In connection with the proposed transaction, Unity expects to file with the SEC a registration statement on Form S-4 that will include a joint proxy statement of Unity and ironSource that also constitutes a prospectus of Unity, which joint proxy statement/prospectus will be mailed or otherwise disseminated to Unity’s and ironSource’s respective securityholders, as applicable, when it becomes available. Unity and ironSource also plan to file other relevant documents with the SEC regarding the proposed transaction. INVESTORS ARE URGED TO READ THE JOINT PROXY STATEMENT/PROSPECTUS AND OTHER RELEVANT DOCUMENTS FILED WITH THE SEC IF AND WHEN THEY BECOME AVAILABLE, BECAUSE THEY WILL CONTAIN IMPORTANT INFORMATION.

 

Investors and securityholders may obtain free copies of the registration statement and the joint proxy statement/prospectus (if and when it becomes available) and other relevant documents filed by Unity and ironSource with the SEC at the SEC’s website at www.sec.gov. Copies of the documents filed by the companies will be available free of charge on their respective websites at www.unity.com and www.is.com.

 

 

 

 

Participants in Solicitation

 

Unity, ironSource and their respective directors and executive officers may be considered participants in the solicitation of proxies in connection with the proposed transaction. Information about the directors and executive officers of Unity is set forth in its proxy statement for its 2022 annual meeting of stockholders, which was filed with the SEC on April 20, 2022. Information about the directors and executive officers of ironSource is set forth in its Annual Report on Form 20-F for the fiscal year ended December 31, 2021, which was filed with the SEC on March 30, 2022. These documents can be obtained free of charge from the sources indicated above.

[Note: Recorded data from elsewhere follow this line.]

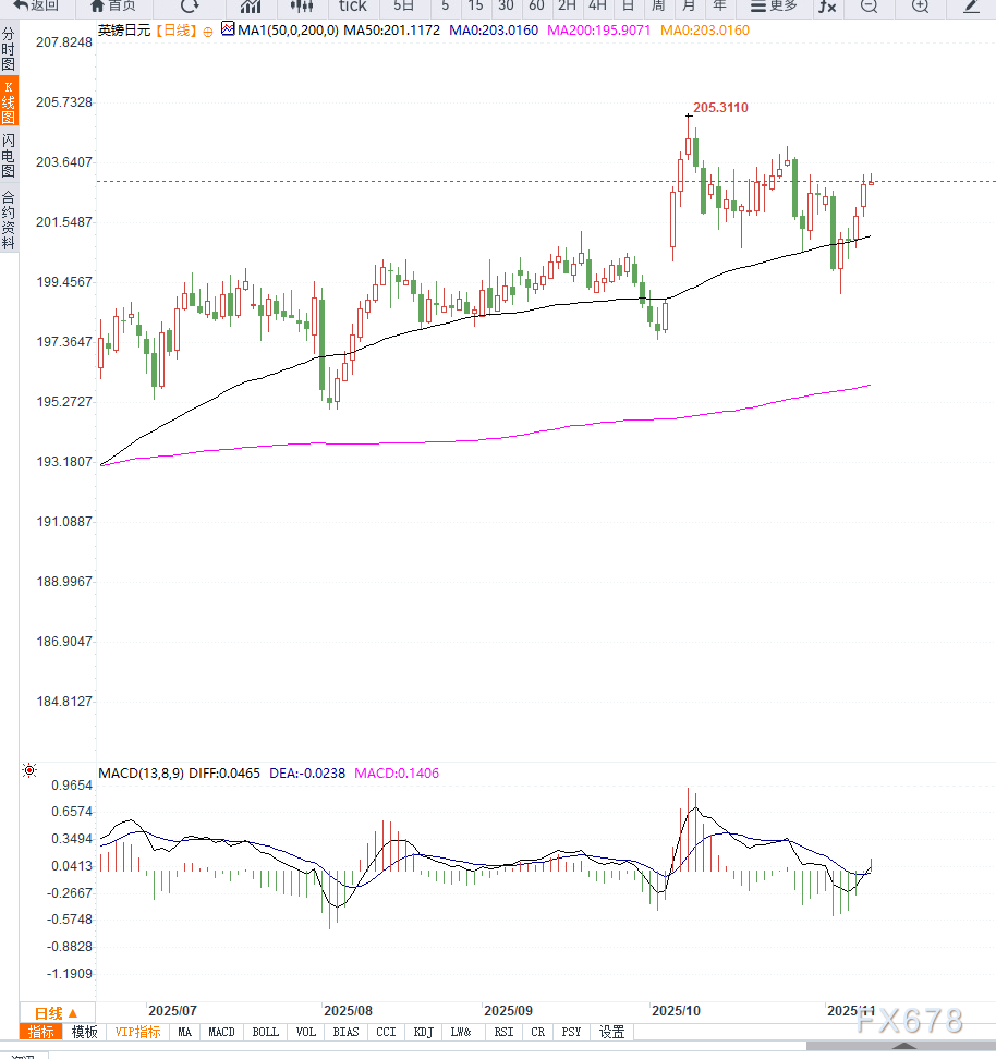 若汇价有效突破203.60 区间阻力,则可能延伸上行至 205.00附近阻力。下方支撑关注 202.00附近,如跌破可能回探 200.00 心理关口,但整体短线多头仍占主导。
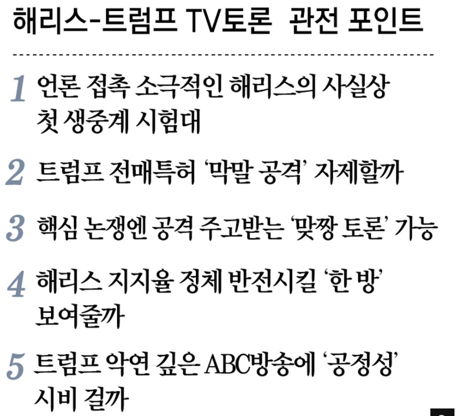 해리스와 트럼프의 미국 대선 토론회가 어제 진행되었습니다.
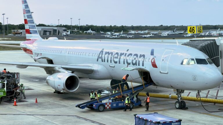 ఒక అమెరికన్ ఎయిర్లైన్స్ విమానం మే 26, 2023న కాంకున్ అంతర్జాతీయ విమానాశ్రయం వద్ద గేట్ వద్ద కూర్చుంది.
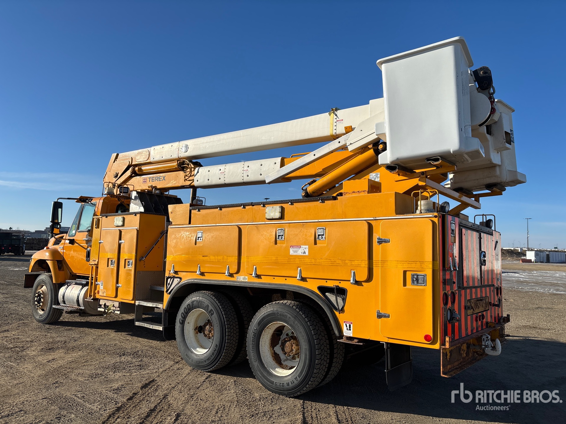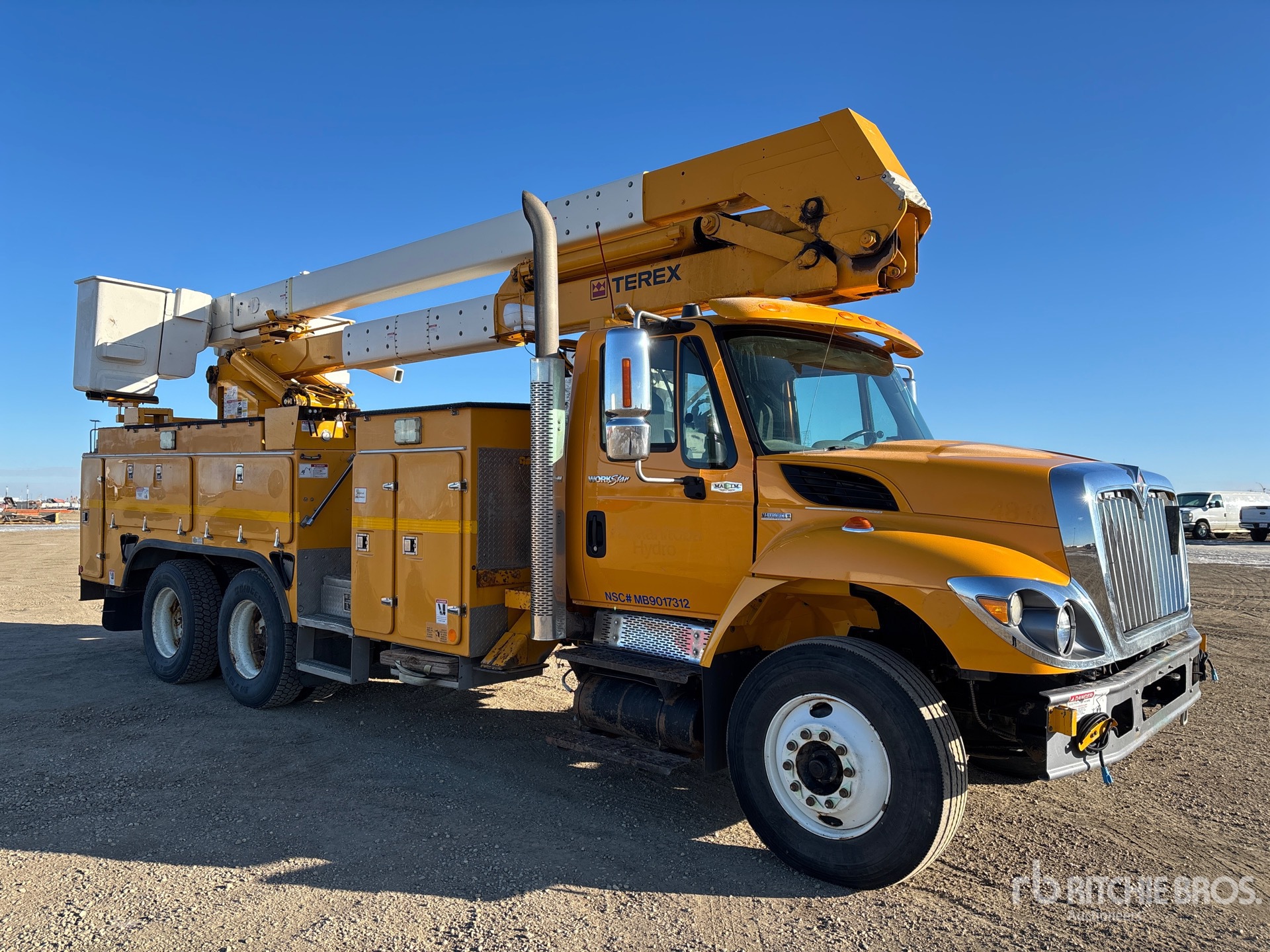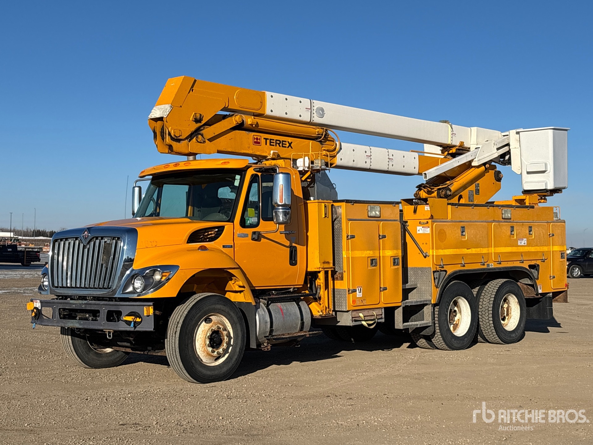 Located in Lane 39 Spot 22, International Maxxforce 10 6 Cylinder 9.3 L Diesel 350 hp Engine, 2008 US EPA Label, Webasto Engine Coolant Heater, 13126 Engine hrs, Allison 6-Speed Automatic Transmission, Differential Lock, 12350 lb Front Axle, 40000 lb Rears, 52350 lb GVWR, 11R22.5, Hendrickson Air Ride Suspension, 218 in Wheelbase, PTO, 600 lb Capacity, Rear Mounted, Two-Person Articulated Boom, Utility Body, Boom Tip Mounted Winch, Material Handling Jib, A-Outriggers, Rear Outriggers, Hydraulic Hose Reel, Pintle Hitch

Additional information regarding the participants in the proxy solicitations and a description of their direct and indirect interests, by security holdings or otherwise, will be contained in the joint proxy statement/prospectus and other relevant materials to be filed with the SEC when they become available.

 

No Offer or Solicitation

 

This communication is not intended to and shall not constitute an offer to sell or the solicitation of an offer to sell or the solicitation of an offer to buy any securities or a solicitation of any vote of approval, nor shall there be any sale of securities in any jurisdiction in which such offer, solicitation or sale would be unlawful prior to registration or qualification under the securities laws of any such jurisdiction. No offer of securities shall be made except by means of a prospectus meeting the requirements of Section 10 of the Securities Act of 1933, as amended.